Я помню, конца мы искали порою,
И ждали и верили смертной надежде…
Но смерть оказалась такой же пустою,
И так же мне скучно, как было и прежде.
Те же настроения господствуют и в двух первых книгах рассказов Гиппиус: «Новые люди» (1896 г.) и «Зеркала» (1898 г.). Первая из них была посвящена А. Л. Волынскому, как «ступени к новой красоте». Основная мысль книги: неправость только рационального отношения к миру и к жизни. Людям, рассуждающим здраво, во всех рассказах противопоставлены те, которые живут исключительно эмоциями, какими-то смутными влечениями души. Общепринятой морали, общепринятым истинам противополагается сомнение во всем. Искание новых путей жизни. Любимые герои Гиппиус в этой книге — лица, чуждые школьному образованию или даже не совсем нормальные, иногда, с обычной точки зрения, как бы «слабоумные». В этом, конечно, сказалось влияние «Идиота» Достоевского и того афоризма Эдгара По, в котором он предлагает «обходить невниманием все жизнеописания добрых и великих и в то же время тщательно рассматривать малейшие повествования о злосчастных, умерших в тюрьме, в сумасшедшем доме или на виселице». Это было также одной из причин, почему Гиппиус охотно останавливалась на образах людей «простых», любовно рисуя, например, типы прислуг.

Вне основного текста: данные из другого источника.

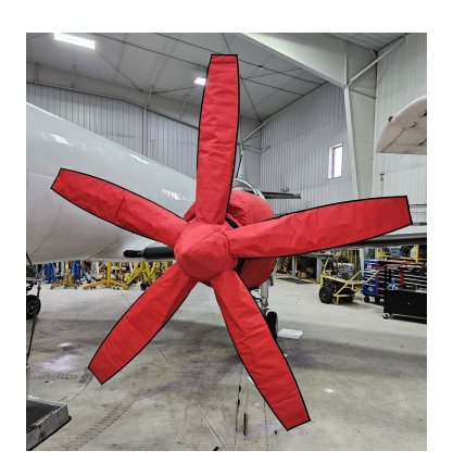
Fairchild Metro 5 Blade Insulated Insulated Prop Covers

«Всегда только непонятное и необъяснимое имело силу давать ему радость», — говорит Гиппиус об одном из своих героев. В другом рассказе героиня его признается: «Я никого не люблю. Я сад люблю, я цветы люблю и музыку». Еще в одном рассказе те же слова повторяет Затенин, «который любил красоту во всех ее проявлениях»: «Я никого не люблю, и не люблю никого, потому что всех жалею». Манечка, которую «все за блаженненькую считали» и которая в 15 лет никак не могла выучиться писать, возражает своей няньке: «Это по книжкам? Там, няня, не про то. Там все вздор». Людмила, которая любила одно: совсем чистое голубое небо, — произносит такие афоризмы: «А разве нужно всегда говорить только правду? Ложь так же необходима, как правда». И т. д. и т. д.